Em um amplo salão de pau-a-pique (paredes de barro entrelaçado com paus) e chão batido funciona a área de culto ao Deus Nheanderu. O cacique, antes de começar a falar, acende o seu enorme cachimbo com fumo de corda. Ronaldo Costa explica que a fumaça ajuda a entrar em contato com Nheanderu. Ele falou sobre as dificuldades enfrentadas, tais como o desconhecimento por parte dos brancos – juruá – da sua cultura. “Muitas vezes dizem que nós somos do Paraguai ou da Argentina, mas estas separações de fronteira não existem para nós. Antes da chegada dos brancos toda a região Sul, Paraguai e norte da Argentina já estava habitada pelos guarani. Então não precisamos pedir licença para percorrer nosso território original”, frisou.

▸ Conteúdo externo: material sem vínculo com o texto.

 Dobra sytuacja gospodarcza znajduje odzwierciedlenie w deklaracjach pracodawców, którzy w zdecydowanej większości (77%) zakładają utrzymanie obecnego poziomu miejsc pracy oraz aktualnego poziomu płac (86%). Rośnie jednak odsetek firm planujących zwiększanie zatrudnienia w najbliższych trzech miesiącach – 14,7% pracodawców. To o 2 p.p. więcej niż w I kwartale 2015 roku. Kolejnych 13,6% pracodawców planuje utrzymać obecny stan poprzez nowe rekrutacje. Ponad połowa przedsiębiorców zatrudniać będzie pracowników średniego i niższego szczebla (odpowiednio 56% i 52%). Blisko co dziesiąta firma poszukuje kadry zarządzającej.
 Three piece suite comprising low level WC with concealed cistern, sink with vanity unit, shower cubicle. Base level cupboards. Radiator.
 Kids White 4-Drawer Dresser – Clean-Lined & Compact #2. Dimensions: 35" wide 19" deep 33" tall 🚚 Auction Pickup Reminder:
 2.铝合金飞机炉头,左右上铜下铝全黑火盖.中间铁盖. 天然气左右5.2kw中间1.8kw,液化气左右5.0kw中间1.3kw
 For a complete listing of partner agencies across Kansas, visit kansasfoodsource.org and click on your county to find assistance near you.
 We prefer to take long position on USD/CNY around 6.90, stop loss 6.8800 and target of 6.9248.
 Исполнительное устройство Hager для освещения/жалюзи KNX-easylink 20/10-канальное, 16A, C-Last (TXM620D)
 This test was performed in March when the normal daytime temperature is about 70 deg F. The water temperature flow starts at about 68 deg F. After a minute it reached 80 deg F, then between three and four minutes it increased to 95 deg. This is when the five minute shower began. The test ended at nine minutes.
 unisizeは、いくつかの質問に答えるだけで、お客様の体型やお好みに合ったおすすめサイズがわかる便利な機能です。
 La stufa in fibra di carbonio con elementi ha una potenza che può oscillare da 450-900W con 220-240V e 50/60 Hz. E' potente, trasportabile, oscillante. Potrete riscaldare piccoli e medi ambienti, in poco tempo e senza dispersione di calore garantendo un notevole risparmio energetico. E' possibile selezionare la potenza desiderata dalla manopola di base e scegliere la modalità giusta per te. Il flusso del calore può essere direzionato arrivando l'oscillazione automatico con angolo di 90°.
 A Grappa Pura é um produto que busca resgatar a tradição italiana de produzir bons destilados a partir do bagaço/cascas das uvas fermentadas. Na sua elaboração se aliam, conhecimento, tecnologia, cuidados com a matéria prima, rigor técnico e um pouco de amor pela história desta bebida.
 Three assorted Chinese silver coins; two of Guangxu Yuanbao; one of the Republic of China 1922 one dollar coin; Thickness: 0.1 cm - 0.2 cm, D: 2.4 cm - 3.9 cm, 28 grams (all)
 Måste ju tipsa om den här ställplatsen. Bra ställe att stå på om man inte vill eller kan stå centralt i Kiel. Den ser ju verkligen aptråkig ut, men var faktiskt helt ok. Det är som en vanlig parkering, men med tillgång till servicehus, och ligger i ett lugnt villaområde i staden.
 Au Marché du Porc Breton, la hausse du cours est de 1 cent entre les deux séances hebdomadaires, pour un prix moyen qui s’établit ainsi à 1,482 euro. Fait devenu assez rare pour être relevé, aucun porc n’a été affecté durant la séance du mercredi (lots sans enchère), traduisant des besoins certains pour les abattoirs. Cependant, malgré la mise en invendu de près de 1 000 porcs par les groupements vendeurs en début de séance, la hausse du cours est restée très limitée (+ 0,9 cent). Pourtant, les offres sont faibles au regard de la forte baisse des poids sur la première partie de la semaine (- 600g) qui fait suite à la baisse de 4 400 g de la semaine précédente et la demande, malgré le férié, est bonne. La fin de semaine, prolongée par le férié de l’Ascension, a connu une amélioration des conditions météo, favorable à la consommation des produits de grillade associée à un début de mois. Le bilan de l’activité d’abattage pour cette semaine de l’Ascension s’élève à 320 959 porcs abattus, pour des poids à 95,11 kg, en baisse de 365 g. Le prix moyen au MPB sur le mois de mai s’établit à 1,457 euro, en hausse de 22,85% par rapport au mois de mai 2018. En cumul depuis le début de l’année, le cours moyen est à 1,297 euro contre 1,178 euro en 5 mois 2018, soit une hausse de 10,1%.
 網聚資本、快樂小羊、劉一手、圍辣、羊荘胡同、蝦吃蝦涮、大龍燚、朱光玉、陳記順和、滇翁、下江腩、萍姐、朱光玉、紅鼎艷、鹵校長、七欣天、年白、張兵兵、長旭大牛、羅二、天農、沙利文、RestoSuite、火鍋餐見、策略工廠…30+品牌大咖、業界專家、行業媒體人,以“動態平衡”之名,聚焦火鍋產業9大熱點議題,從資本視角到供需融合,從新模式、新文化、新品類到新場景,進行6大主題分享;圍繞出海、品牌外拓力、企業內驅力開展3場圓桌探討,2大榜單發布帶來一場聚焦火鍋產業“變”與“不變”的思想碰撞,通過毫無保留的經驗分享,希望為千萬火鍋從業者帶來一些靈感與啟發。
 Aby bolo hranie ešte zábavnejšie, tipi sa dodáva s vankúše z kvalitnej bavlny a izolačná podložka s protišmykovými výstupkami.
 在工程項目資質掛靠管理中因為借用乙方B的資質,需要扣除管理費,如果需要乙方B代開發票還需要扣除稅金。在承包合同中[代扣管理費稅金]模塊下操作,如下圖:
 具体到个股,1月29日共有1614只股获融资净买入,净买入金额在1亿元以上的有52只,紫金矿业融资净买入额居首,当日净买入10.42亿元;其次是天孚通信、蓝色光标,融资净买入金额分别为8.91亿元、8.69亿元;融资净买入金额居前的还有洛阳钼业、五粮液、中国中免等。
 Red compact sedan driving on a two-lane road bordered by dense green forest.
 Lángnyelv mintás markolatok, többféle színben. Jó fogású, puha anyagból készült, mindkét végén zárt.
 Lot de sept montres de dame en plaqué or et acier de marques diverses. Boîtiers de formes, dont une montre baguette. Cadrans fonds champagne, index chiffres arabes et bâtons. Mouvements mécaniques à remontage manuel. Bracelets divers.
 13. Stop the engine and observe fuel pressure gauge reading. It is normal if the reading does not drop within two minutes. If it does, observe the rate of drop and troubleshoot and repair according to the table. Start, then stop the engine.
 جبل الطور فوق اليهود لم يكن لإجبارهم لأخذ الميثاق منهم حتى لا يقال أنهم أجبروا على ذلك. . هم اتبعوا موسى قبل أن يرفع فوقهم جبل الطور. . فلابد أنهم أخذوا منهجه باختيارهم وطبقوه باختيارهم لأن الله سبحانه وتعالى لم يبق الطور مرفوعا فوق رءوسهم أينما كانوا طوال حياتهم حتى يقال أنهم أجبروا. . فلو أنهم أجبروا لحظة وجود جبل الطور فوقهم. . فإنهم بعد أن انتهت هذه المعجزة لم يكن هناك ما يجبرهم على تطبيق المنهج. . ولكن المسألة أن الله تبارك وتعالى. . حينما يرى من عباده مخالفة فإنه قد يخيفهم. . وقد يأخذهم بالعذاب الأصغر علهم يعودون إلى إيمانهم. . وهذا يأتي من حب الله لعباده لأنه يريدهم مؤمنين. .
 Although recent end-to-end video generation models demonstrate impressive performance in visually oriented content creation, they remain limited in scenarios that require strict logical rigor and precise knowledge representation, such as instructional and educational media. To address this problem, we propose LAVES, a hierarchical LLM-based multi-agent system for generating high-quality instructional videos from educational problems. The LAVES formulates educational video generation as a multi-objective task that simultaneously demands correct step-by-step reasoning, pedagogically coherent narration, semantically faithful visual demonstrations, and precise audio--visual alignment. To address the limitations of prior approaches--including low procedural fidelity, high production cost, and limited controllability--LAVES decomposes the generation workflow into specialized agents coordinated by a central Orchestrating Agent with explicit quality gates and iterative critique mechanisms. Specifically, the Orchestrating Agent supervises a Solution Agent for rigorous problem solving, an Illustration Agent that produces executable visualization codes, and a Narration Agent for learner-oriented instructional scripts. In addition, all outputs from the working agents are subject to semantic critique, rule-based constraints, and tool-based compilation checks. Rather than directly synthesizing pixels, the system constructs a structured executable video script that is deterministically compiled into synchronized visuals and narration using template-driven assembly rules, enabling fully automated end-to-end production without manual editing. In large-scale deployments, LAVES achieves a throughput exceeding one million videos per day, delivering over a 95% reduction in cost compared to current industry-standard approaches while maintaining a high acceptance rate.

O preconceito contra o índio está muito arraigado entre a população. Muitos costumam afirmar que o índio é preguiçoso, mas não entendem que a mentalidade indígena não é capitalista, onde só tem valor quem tem dinheiro. Os habitantes originários viviam da caça e pesca, por isso eles sempre se preocupam em preservar o meio ambiente. “O desmatamento prejudica. Sem mato a gente não vive. Nós estamos preocupados com os brancos que estão cortando todo o mato. Se um dia acabar o mato nós vamos acabar, os rios vão secar”, nos ensina Ronaldo, com o rosto pintado e um cocar na cabeça.
Sem condições de sobreviver com a caça e a pesca, eles são obrigados a comercializar artesanato nas cidades. O cacique conta que plantou uma roça de milho e o dono das terras soltou o gado em cima e acabou com tudo. A grande esperança deles é a demarcação de quatro reservas indígenas, determinada pela Funai, mas embargada pelo Tribunal da Justiça Federal. Esta é uma luta que mobilizou os proprietários rurais das áreas atingidas pela demarcação e que está sendo discutida na justiça. As quatro áreas, num total de 10 mil hectares, estão nos municípios de Araquari, Balneário Barra do Sul e São Francisco do Sul.
A sociedade deveria reconhecer o valor destes indígenas e se solidarizar com a sua luta. Os habitantes da região, quando chegaram os primeiros brancos, eram os índios carijó (também da etnia guarani). Por serem pacíficos, foram presas fáceis para os bandeirantes que os caçavam, aprisionavam e vendiam-nos como escravos em São Paulo. Por volta do século 17 estes indígenas já estavam extintos. Não podemos deixar que isto aconteça novamente com os atuais moradores das reservas Piraí, Pindoty, Tarumã e Morro Alto. Respeitar o diferente é o que nos torna mais humanos.